The facial nerve may be in normal position in cases of atresia. Often, however, it follows an abnormal course. A determination of this course becomes extremely helpful when the ear surgeon is advising parents about surgical reconstruction of the ear. Additional information regarding the formation of the inner ear, cochlea, and labyrinth (i.e. hearing and balance parts of the inner ear) are also obtained from the CT Scan.
The inner ear develops a little earlier in pregnancy. Thus, there may not be an abnormality of the inner ear structures in most cases of atresia.
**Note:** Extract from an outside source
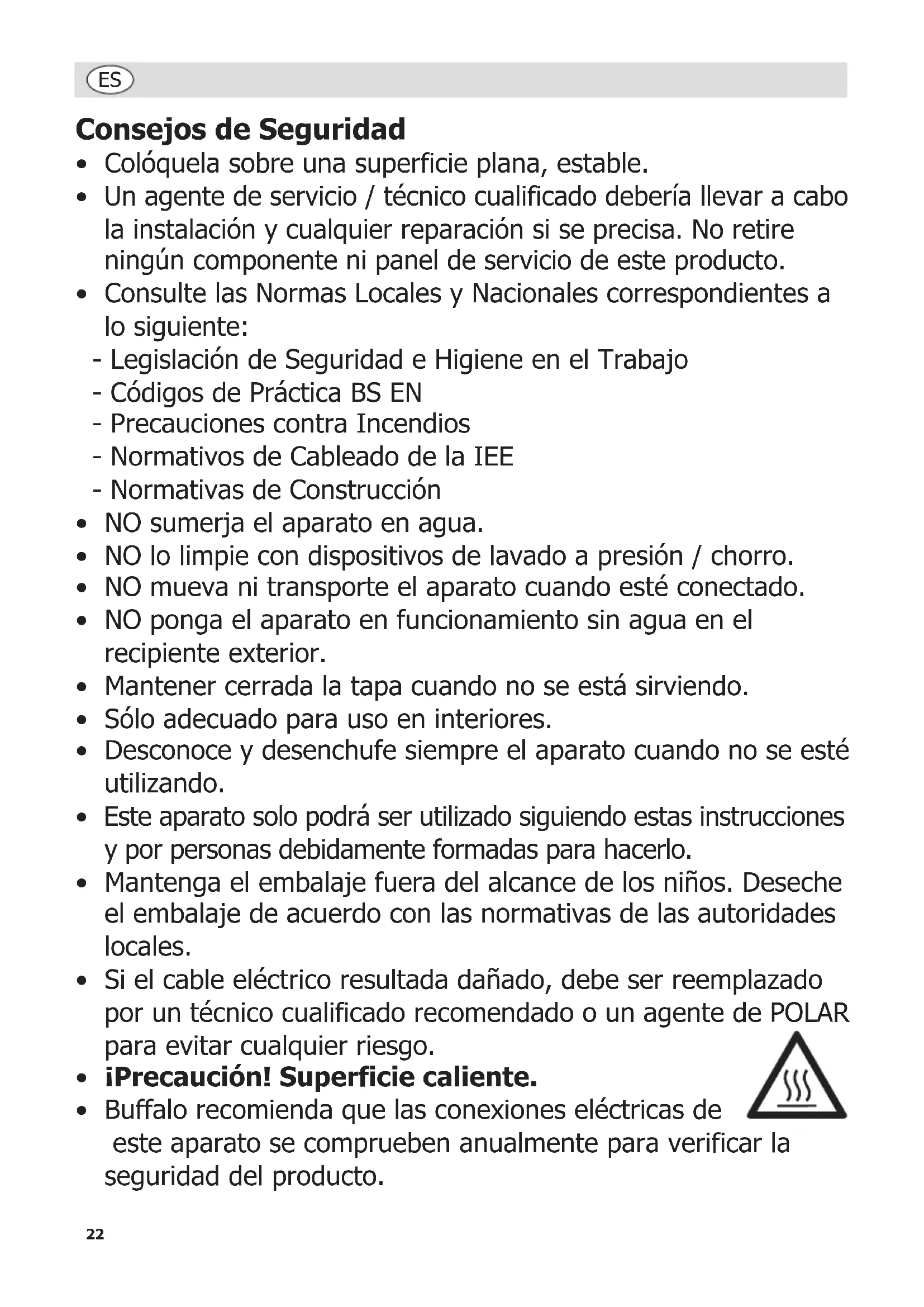 Resolución de problemas Fallo Probable Causa Acción El aparato no funciona El aparato no está conectado Compruebe que el aparato esté enchufado correctamente y conectado El enchufe y el cable están dañados Llame a un técnico cualificado o a un agente de Buffalo El fusible del enchufe se ha fundido Cambie el fusible del enchufe Suministro eléctrico Compruebe el suministro eléctrico Fallo del cableado interno Llame a un técnico cualificado o a un agente de Buffalo La sopa no se calienta Temperatura insuficiente Aumente el ajuste de la temperatura Cableado Eléctrico El enchufe tiene que conectarse a una toma eléctrica adecuada. Este aparato está conectado de la forma siguiente:

The development of the middle ear space and mastoid bone is also very important in the assessment of reconstructive potential A good estimate of the size and depth of the middle ear cavity can be obtained with the CT Scan.
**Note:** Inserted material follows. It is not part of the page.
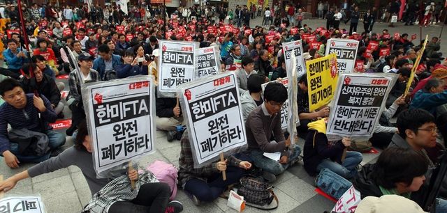 2011년 10월 9일 서울 태평로 덕수궁 앞에서 '진보 계열' 한미FTA저지 범국민운동본부 주최로 열린 '한미FTA 저지 결의대회'에서 참가자들이 팻말을 들고 구호를 외치고 있다. / 연합뉴스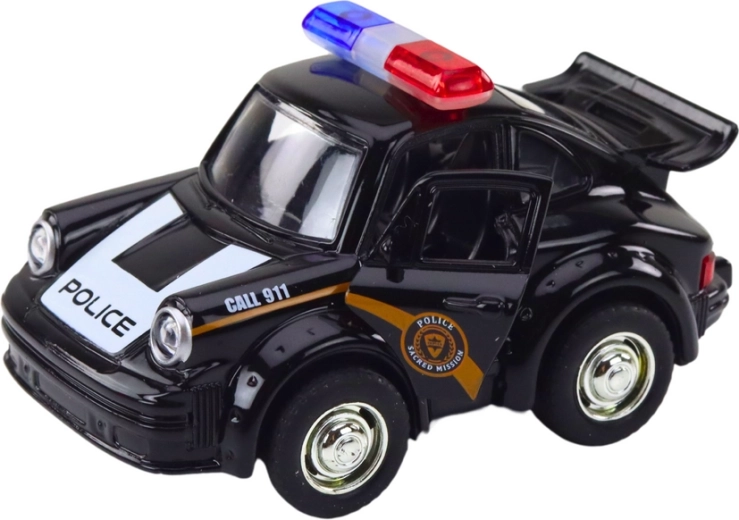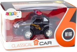 To eleganckie czarne policyjne auto w skali 1:38 doceni każdy miłośnik klasyków motoryzacji. Wyposażone w napęd frykcyjny, który umożliwia szybki ruch do przodu po naciągnięciu do tyłu.

Surgical Reconstruction: Assessment
The surgical reconstructive potential of congenital atresia is generally made after the CT Scan has been fully evaluated. The parents are advised on the potential for reconstruction, based on the degree of development of the child's middle ear, inner ear, and mastoid, as well as the position of the facial nerve and the relative absence of or deformity of the bones of hearing. The most important factor is the development of a good middle ear cavity, not necessarily the size or shapes of the bones of hearing themselves.
The ear surgeon will see and evaluate the child on a yearly basis until age four. At four, if there is a microtia, plans should have already been made by the facial plastic surgeon for reconstruction of the microtia. Coordination between the ear surgeon and the facial plastic surgeon is essential. Scarring could occur when the ear surgeon performs the initial stages. It could compromise the graft material introduced by the facial plastic surgeon.
Most surgical teams advise that the initial microtia repair be performed prior to the ear surgeon's correction of the atresia. The placement of the position of external ear canal must also be coordinated. Relative risks of the surgery versus benefits must be discussed at length with the family. This must be done prior to surgical intervention. No cases of atresia surgery are routine. Finding the unexpected is routine in these cases. Thus, the ear surgeon must give the family a realistic assessment of the potential for reconstructive success, as well as hearing in the involved ear or ears.